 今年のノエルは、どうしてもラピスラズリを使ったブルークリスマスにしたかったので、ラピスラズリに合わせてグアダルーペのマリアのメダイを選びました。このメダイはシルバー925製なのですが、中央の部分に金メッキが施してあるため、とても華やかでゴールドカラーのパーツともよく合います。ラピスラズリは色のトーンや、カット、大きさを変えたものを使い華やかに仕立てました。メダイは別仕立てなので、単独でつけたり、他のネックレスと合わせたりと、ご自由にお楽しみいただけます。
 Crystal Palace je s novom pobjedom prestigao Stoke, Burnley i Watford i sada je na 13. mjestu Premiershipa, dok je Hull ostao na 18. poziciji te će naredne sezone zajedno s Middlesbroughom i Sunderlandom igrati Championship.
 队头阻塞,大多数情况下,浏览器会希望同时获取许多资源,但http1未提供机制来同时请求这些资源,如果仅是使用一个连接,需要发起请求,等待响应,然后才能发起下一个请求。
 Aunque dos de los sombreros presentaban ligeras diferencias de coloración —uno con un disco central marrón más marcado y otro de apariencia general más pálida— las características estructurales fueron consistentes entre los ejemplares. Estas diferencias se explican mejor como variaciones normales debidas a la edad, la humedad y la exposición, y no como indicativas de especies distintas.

# # # # # # #

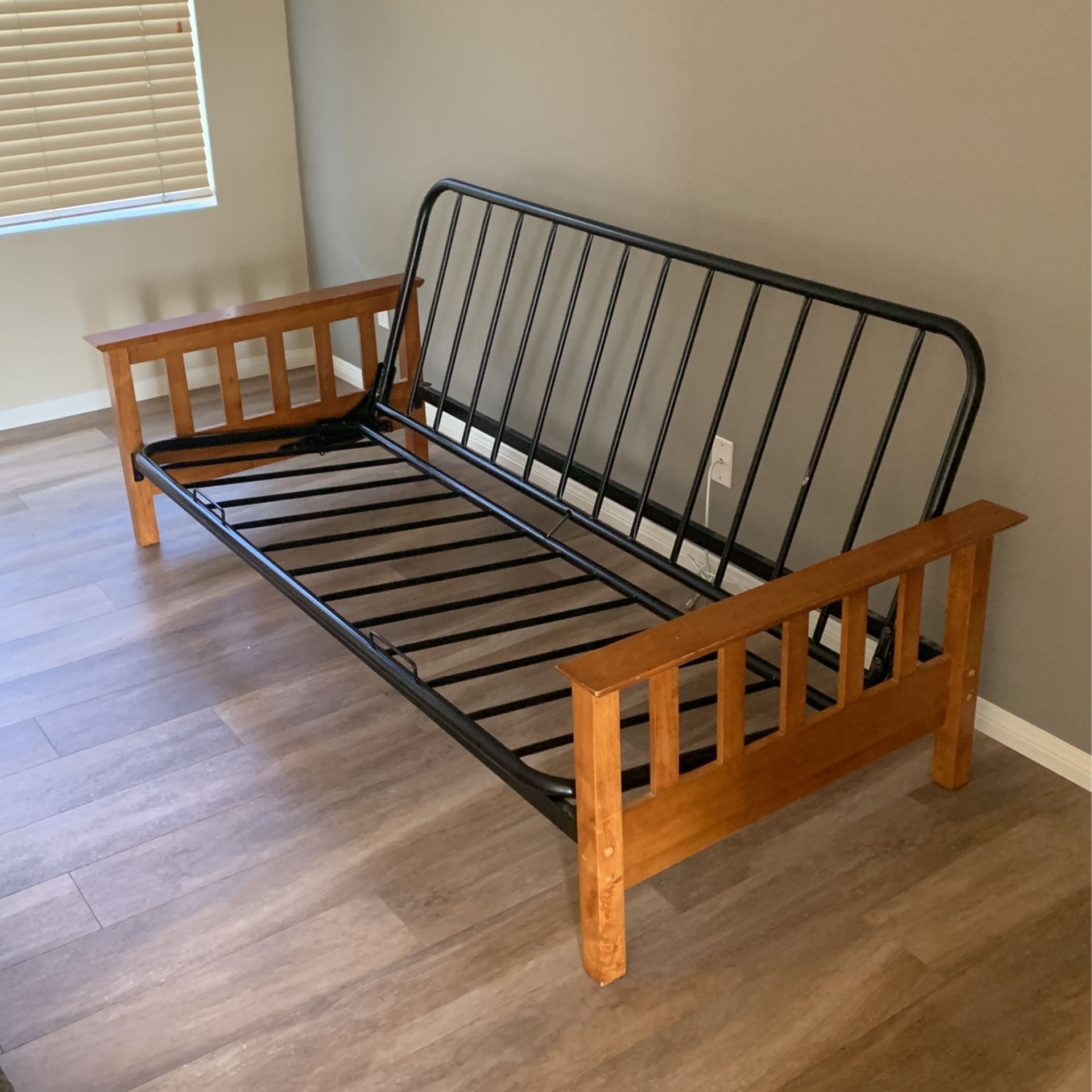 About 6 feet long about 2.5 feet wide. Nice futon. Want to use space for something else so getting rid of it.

# # # # # # #

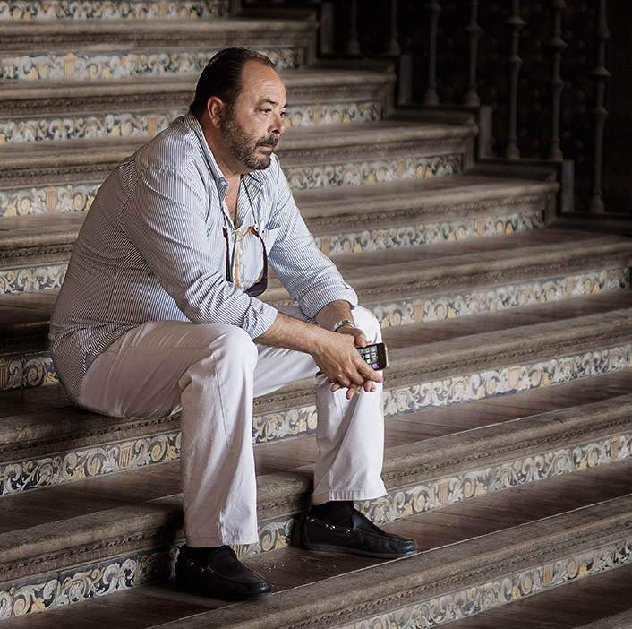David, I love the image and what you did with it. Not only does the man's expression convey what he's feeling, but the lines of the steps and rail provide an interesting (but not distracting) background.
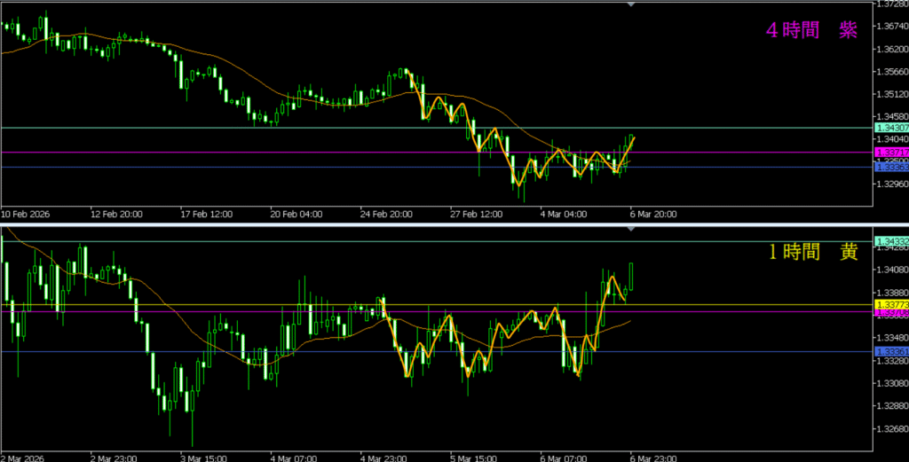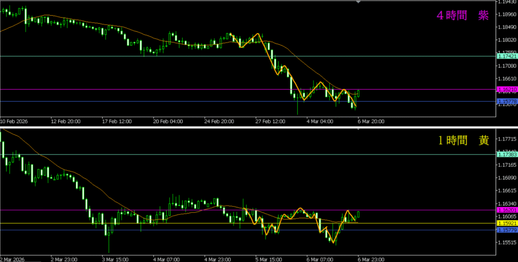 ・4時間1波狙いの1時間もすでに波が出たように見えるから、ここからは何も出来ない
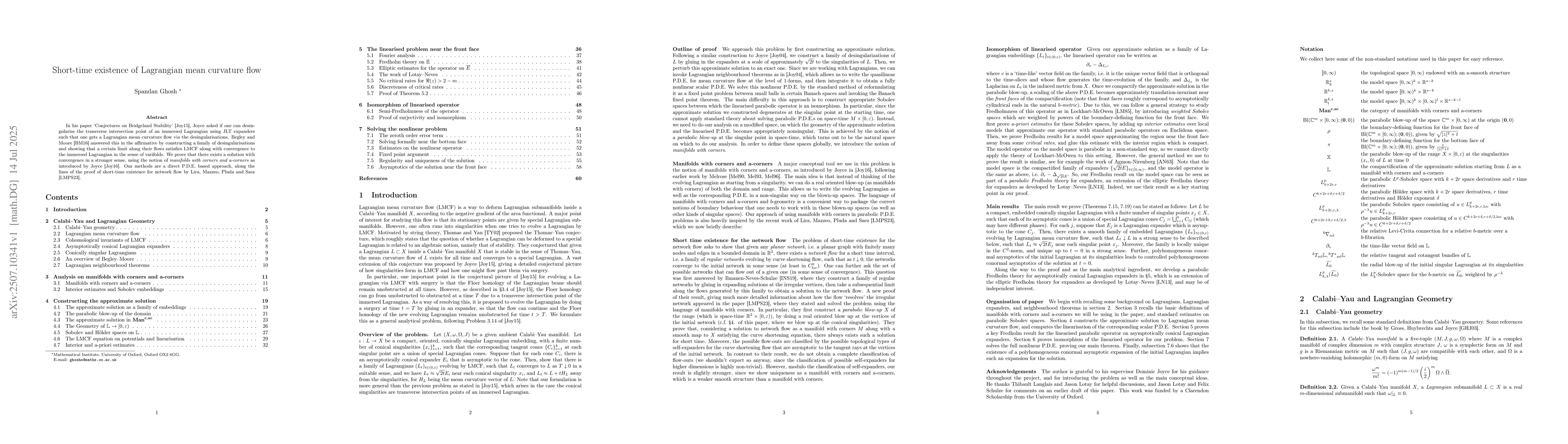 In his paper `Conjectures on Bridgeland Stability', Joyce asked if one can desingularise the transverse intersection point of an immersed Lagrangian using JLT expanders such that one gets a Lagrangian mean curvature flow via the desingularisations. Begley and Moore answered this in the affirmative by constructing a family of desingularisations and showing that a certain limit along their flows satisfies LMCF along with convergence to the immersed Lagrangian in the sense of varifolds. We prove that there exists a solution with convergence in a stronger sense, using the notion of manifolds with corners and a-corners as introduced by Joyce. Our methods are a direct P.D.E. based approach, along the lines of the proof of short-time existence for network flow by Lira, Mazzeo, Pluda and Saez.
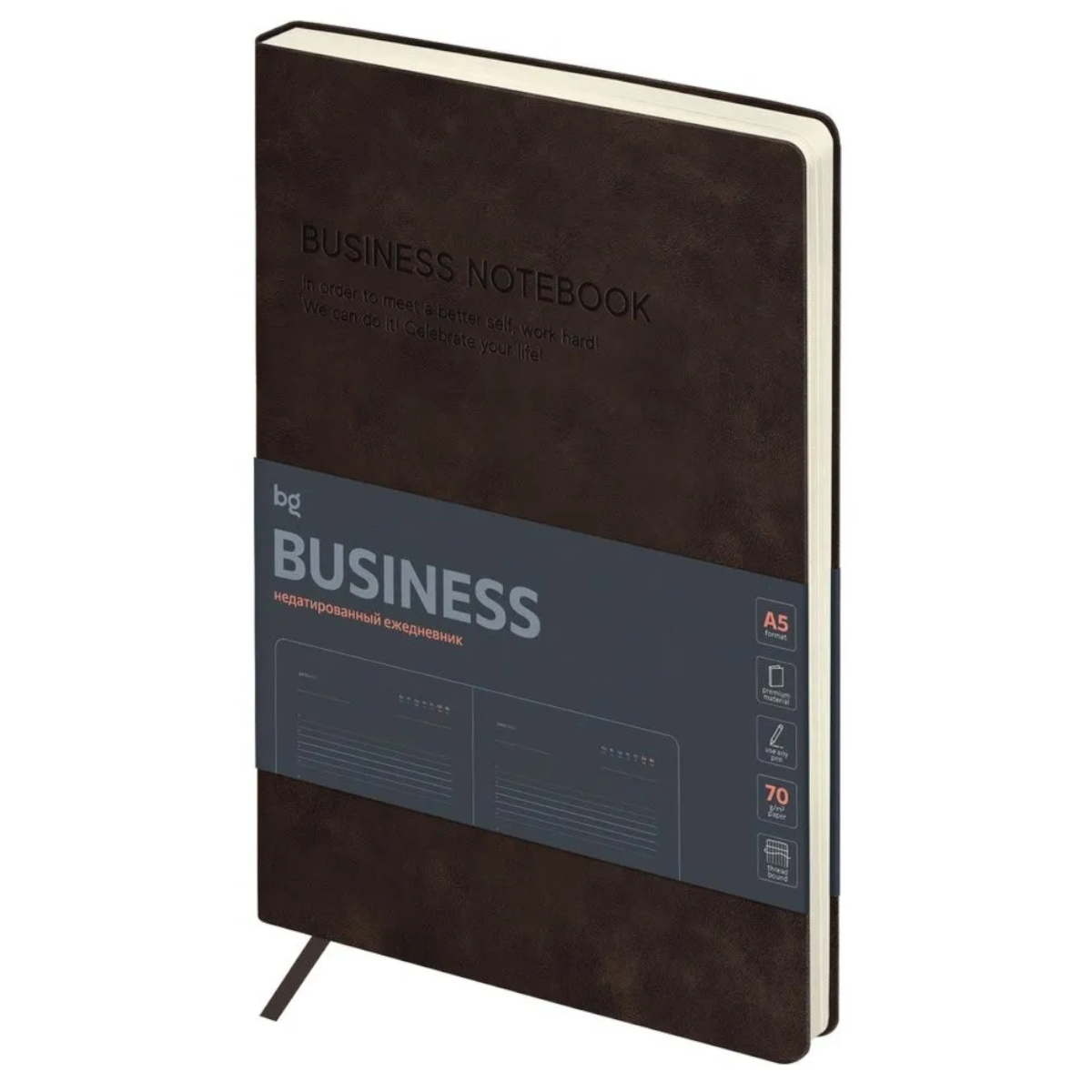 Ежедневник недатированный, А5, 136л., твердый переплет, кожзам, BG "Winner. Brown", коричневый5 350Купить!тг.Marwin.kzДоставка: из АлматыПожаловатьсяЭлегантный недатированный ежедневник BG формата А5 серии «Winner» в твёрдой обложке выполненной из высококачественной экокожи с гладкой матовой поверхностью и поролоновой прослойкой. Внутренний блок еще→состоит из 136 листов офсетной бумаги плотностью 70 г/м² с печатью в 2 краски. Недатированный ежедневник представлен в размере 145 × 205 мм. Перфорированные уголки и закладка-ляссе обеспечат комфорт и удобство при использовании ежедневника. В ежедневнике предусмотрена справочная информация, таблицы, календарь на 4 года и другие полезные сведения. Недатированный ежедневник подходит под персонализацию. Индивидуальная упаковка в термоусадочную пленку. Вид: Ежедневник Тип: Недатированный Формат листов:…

# # # # # # #

**Exercise:** Reproduce, word for word and in full, only the lines above that start at the line with "今年のノエルは、どうしてもラ" and run through the line with "Aunque dos de", both ends included.

**Written response:**
 今年のノエルは、どうしてもラピスラズリを使ったブルークリスマスにしたかったので、ラピスラズリに合わせてグアダルーペのマリアのメダイを選びました。このメダイはシルバー925製なのですが、中央の部分に金メッキが施してあるため、とても華やかでゴールドカラーのパーツともよく合います。ラピスラズリは色のトーンや、カット、大きさを変えたものを使い華やかに仕立てました。メダイは別仕立てなので、単独でつけたり、他のネックレスと合わせたりと、ご自由にお楽しみいただけます。
 Crystal Palace je s novom pobjedom prestigao Stoke, Burnley i Watford i sada je na 13. mjestu Premiershipa, dok je Hull ostao na 18. poziciji te će naredne sezone zajedno s Middlesbroughom i Sunderlandom igrati Championship.
 队头阻塞,大多数情况下,浏览器会希望同时获取许多资源,但http1未提供机制来同时请求这些资源,如果仅是使用一个连接,需要发起请求,等待响应,然后才能发起下一个请求。
 Aunque dos de los sombreros presentaban ligeras diferencias de coloración —uno con un disco central marrón más marcado y otro de apariencia general más pálida— las características estructurales fueron consistentes entre los ejemplares. Estas diferencias se explican mejor como variaciones normales debidas a la edad, la humedad y la exposición, y no como indicativas de especies distintas.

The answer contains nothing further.